### Dataset records ###

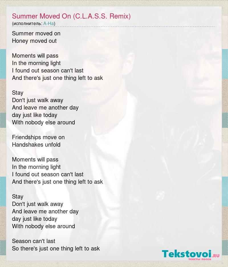 Summer moved on Honey moved out Moments will pass In the morning light I found out season can't last And there's just one thing left to ask Stay Don't just walk away And leave me another day day just like today With nobody else around Friendships move on Handshakes unfold Moments will pass In the morning light I found out season can't last And there's just one thing left to ask Stay Don't just walk away And leave me another day day just like today With nobody else around Season can't last So there's just one thing left to ask
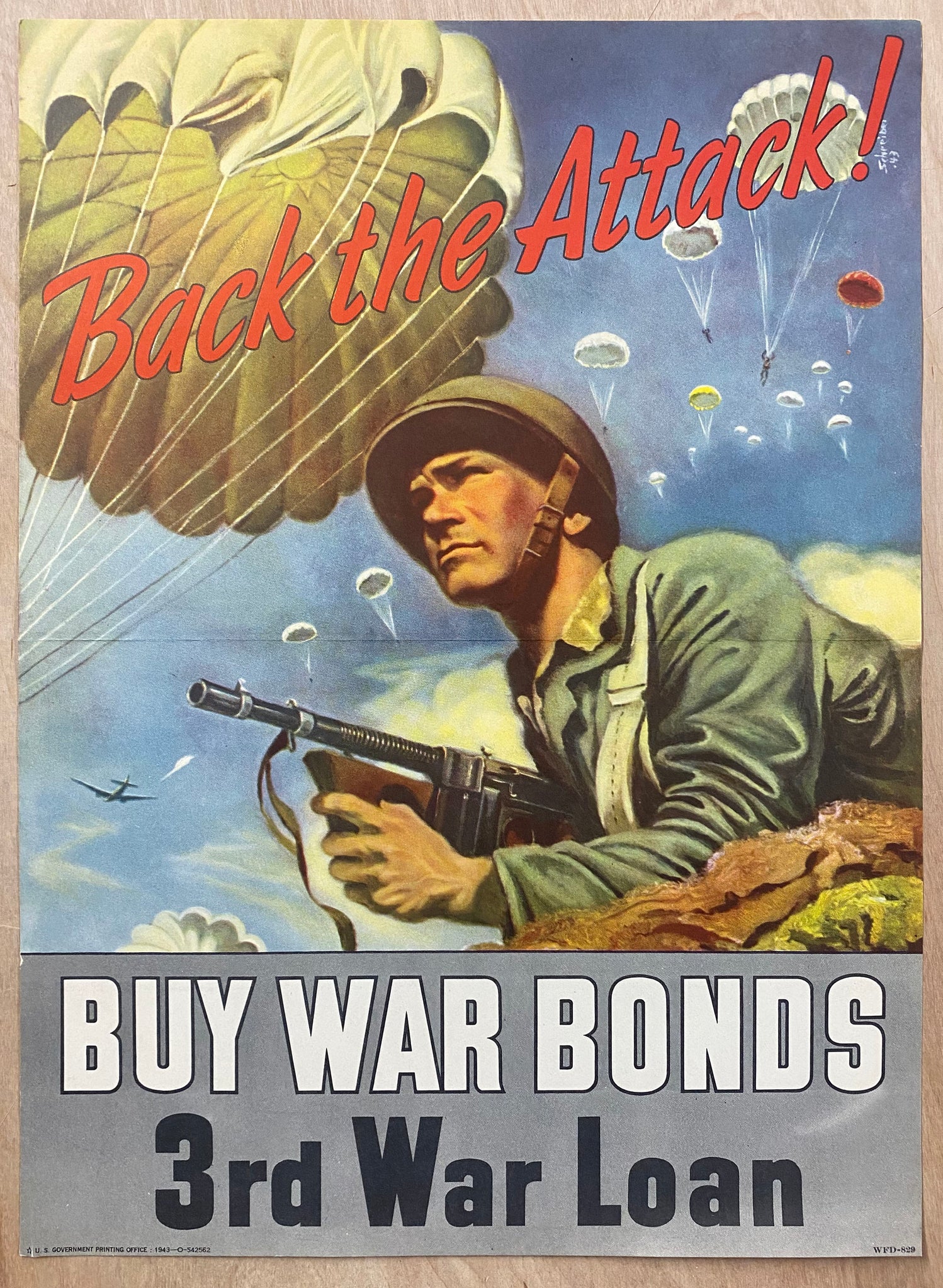 1943 Back The Attack! Buy War Bonds 3rd War Loan Georges Schreiber WWII Small Size
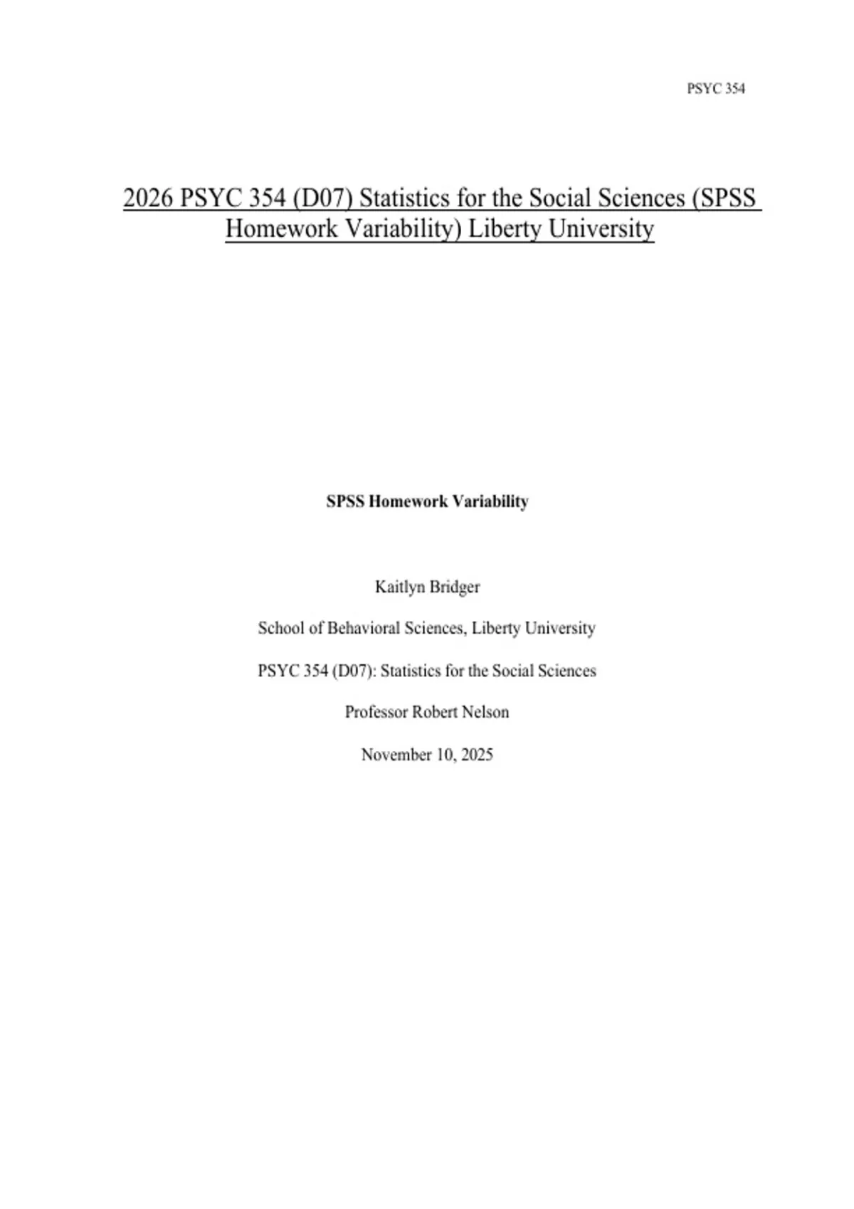 2026 PSYC 354 (D07) Statistics for the Social Sciences (SPSS
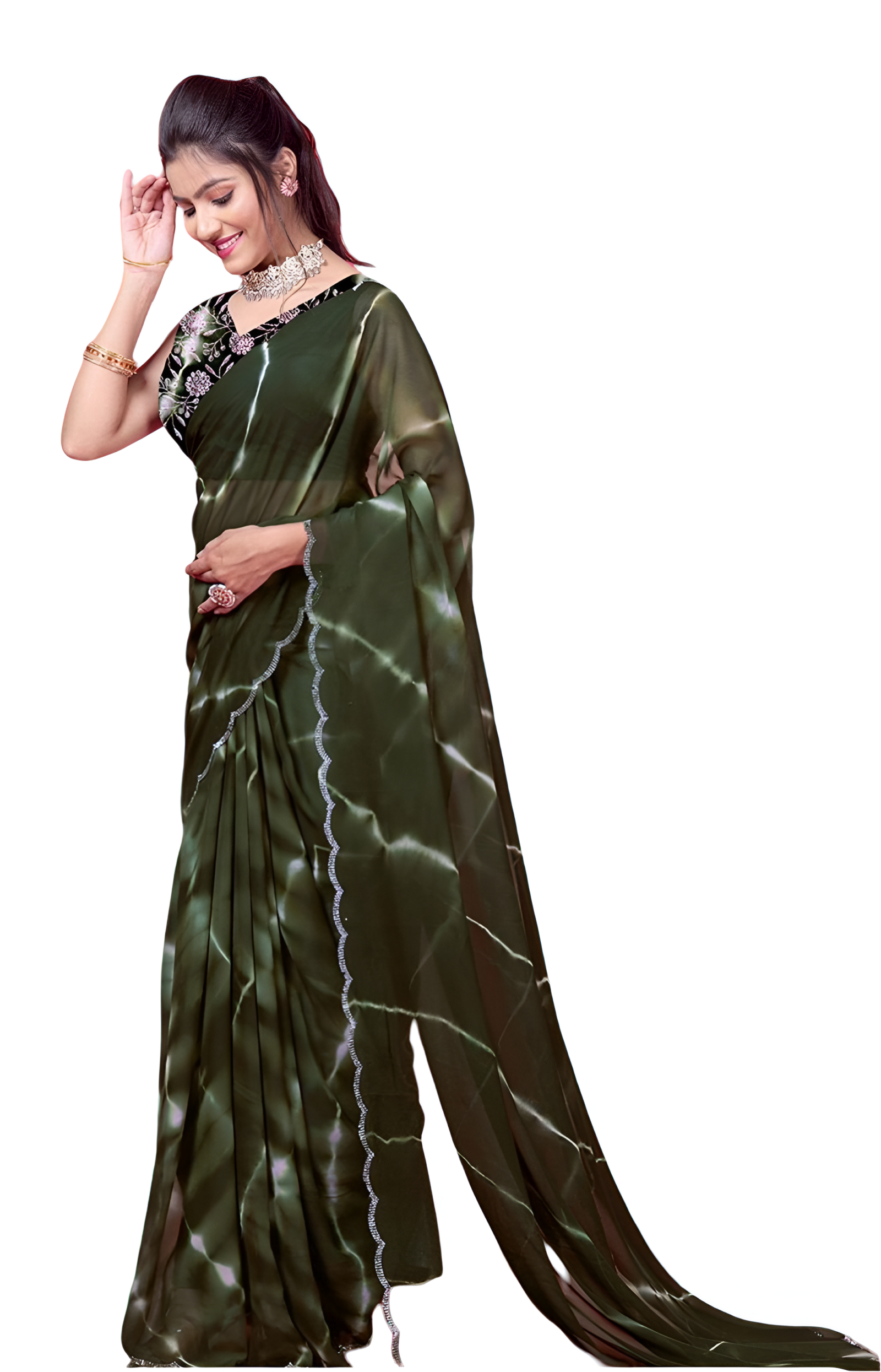 This Beautiful Indian Traditional Moss Georgette Silk Saree . Saree is India’s one of the most popular and widely used traditional attires. The beauty and elegance of Indian women can be best revealed in saree. Saree, also called as Sari, is the most famous Indian attire worn by women not only in India but all over the world.
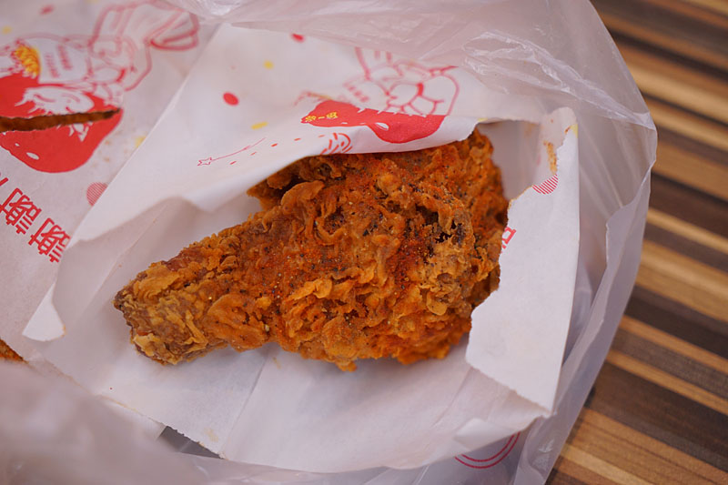 雞腿就選擇大辣,感覺這辣粉更誇張了,一開始還很怕他沒炸熟哈哈,結果吃起來外皮脆脆的,裡面則帶有肉汁,味道是不錯,但辣度一樣覺得還好。

###

The records above need to be copied exactly, though not their pictures.

**Your response**
 Summer moved on Honey moved out Moments will pass In the morning light I found out season can't last And there's just one thing left to ask Stay Don't just walk away And leave me another day day just like today With nobody else around Friendships move on Handshakes unfold Moments will pass In the morning light I found out season can't last And there's just one thing left to ask Stay Don't just walk away And leave me another day day just like today With nobody else around Season can't last So there's just one thing left to ask
 1943 Back The Attack! Buy War Bonds 3rd War Loan Georges Schreiber WWII Small Size
 2026 PSYC 354 (D07) Statistics for the Social Sciences (SPSS
 This Beautiful Indian Traditional Moss Georgette Silk Saree . Saree is India’s one of the most popular and widely used traditional attires. The beauty and elegance of Indian women can be best revealed in saree. Saree, also called as Sari, is the most famous Indian attire worn by women not only in India but all over the world.
 雞腿就選擇大辣,感覺這辣粉更誇張了,一開始還很怕他沒炸熟哈哈,結果吃起來外皮脆脆的,裡面則帶有肉汁,味道是不錯,但辣度一樣覺得還好。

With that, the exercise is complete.